These metrics require the addEventListener browser API. This API is available in all modern browsers, including:

  • Apple Safari
  • Google Chrome
  • Microsoft Internet Explorer (IE) versions 9 or higher
  • Mozilla Firefox

pageHide

This metric is currently supported by all browsers on desktop and mobile. Compatibility matrix via MDN documentation.

windowLoad

This metric is currently supported by all browsers on desktop and mobile. Compatibility matrix via MDN documentation.

windowUnload

This metric is currently supported by all browsers on desktop and mobile. Compatibility matrix via MDN documentation.

CumulativeLayoutShift

Cumulative Layout Shift (CLS) is a metric measuring the stability of the content on a webpage.

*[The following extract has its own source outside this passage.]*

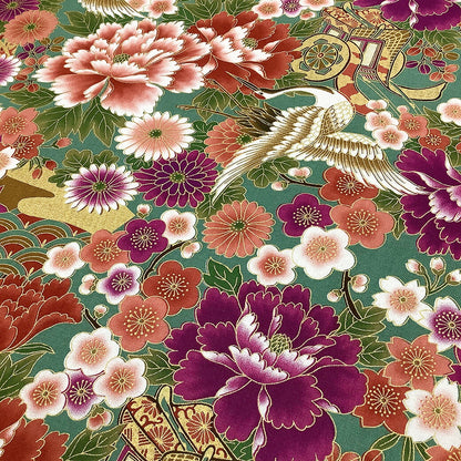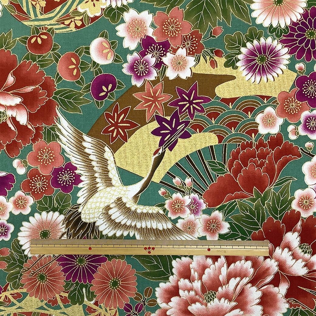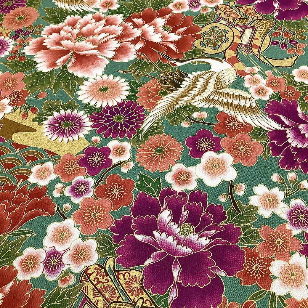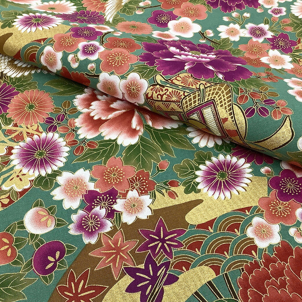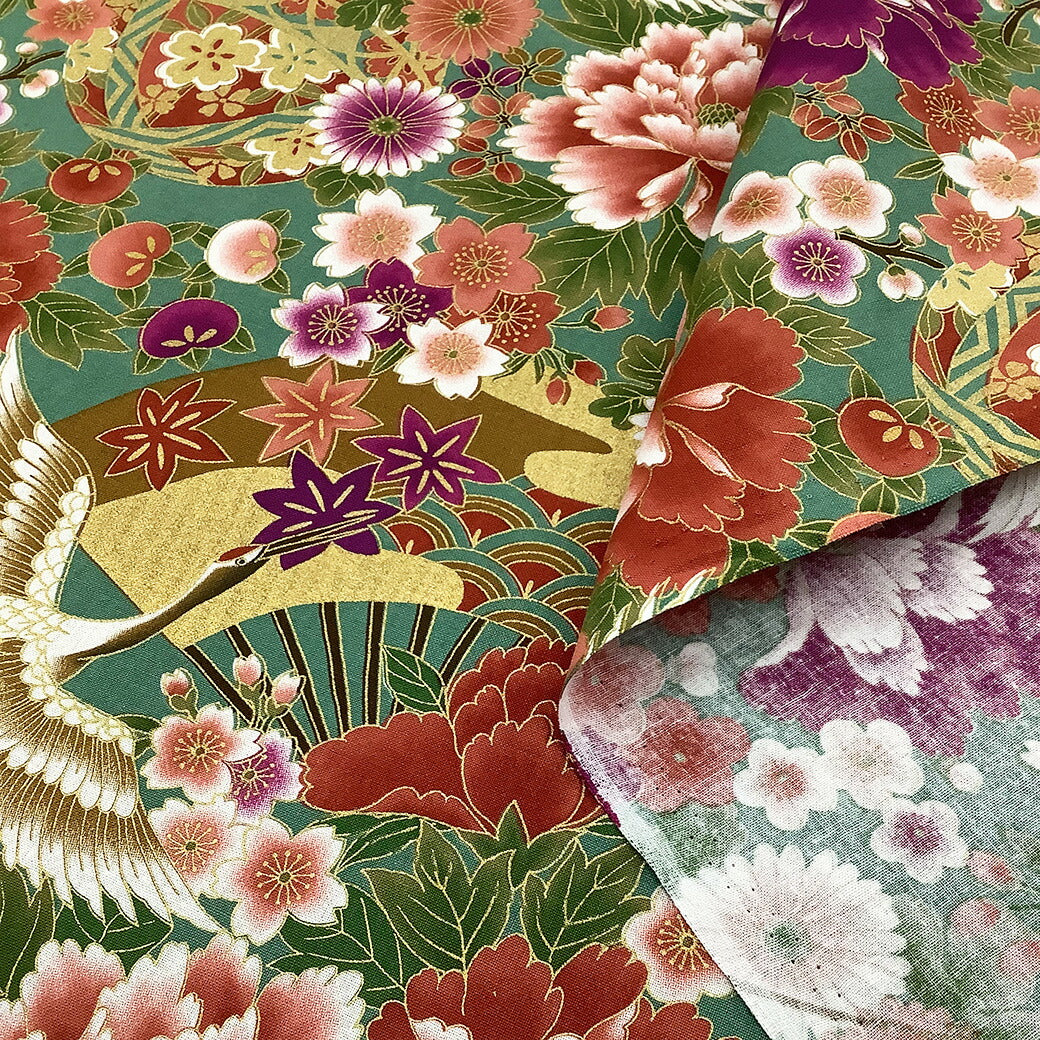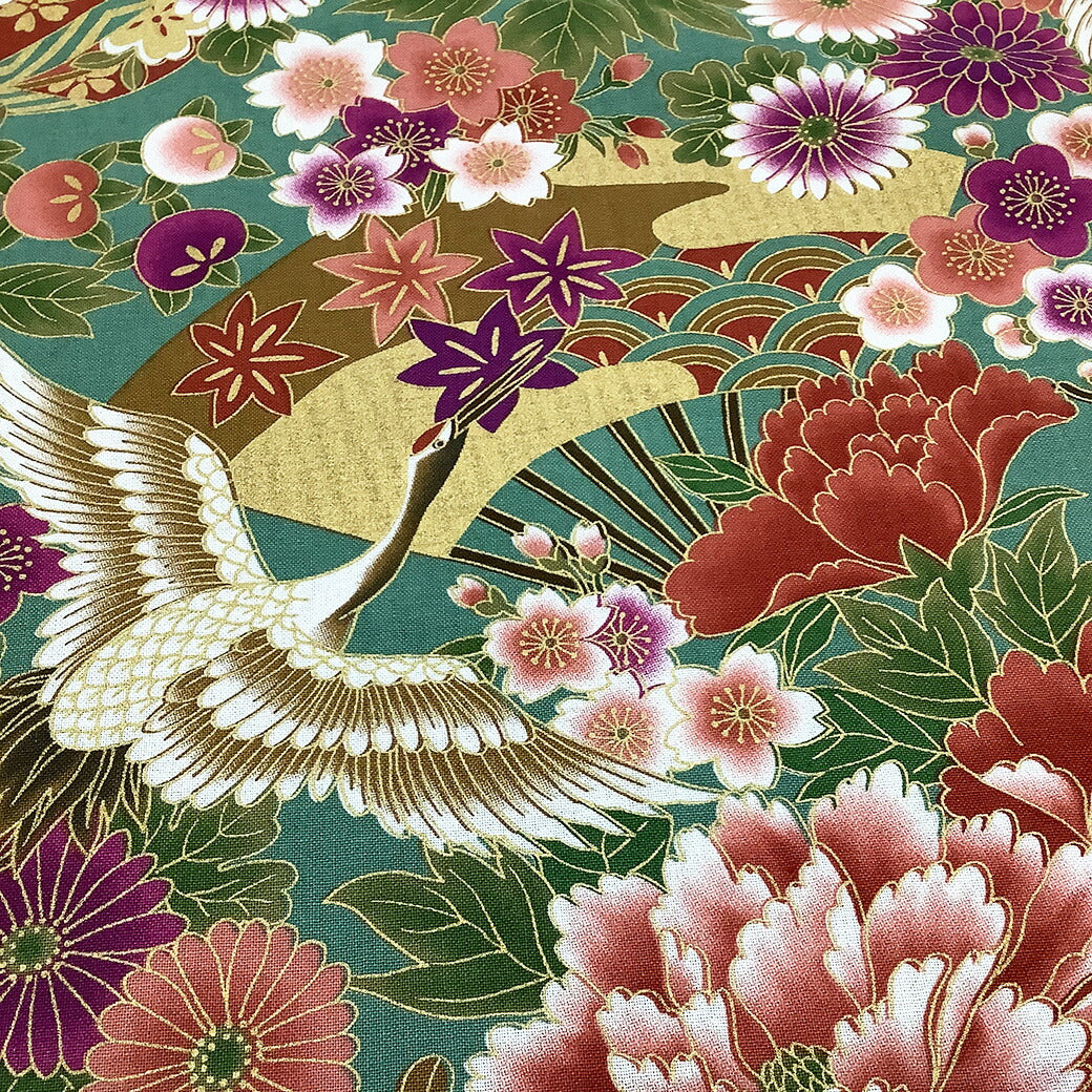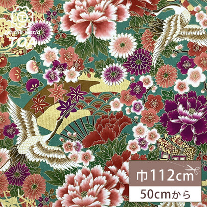 生地【 和柄プリント 鶴 グリーン 】 鶴 菊 牡丹 御所車 扇 浴衣生地 和風生地 112cm巾 綿100% 和装 着物 浴衣 巾着 バッグ 和装小物 髪飾り 衣装 婚礼 袱紗 足袋入れ パッチワーク ハンドメイド 手芸 日本製 布 布地 Textile World TOA

For a complete description, see web.dev/cls.

How is CLS captured in New Relic

Shifts in page layout as reported by the Layout Instability API are aggregated throughout the life of the page and reported as an attribute on all PageViewTiming events, representing the CLS value when that event occurred.

Using this model, users can look at their CLS value at different points in the page's life; for example, CLS values up until the first-time users interact with the page or hide the page.

Approximating other CLS sources

Lighthouse captures CLS value only up to the time when a page is loaded, which is useful in a development or lab environment. You can approximate Lighthouse values by looking at the windowLoad PageViewTiming event.

CrUX report uses values captured over the lifespan of the page, which is useful to analyze worst-case shifts in a RUM environment. You can approximate CrUX values by looking at the CLS attribute on the windowUnload PageViewTiming event. These values will not be exactly the same because of different sample sets and a difference in how values from long-lived web pages are included. The New Relic browser monitoring agent captures CLS when the page unloads, while CrUX collects and updates the metric throughout the lifespan of the page.

How CLS is aggregated

As of July 2021, Google has updated the way CLS values are aggregated. Browser monitoring agent versions v12xx use the method described in Evolving the CLS metric.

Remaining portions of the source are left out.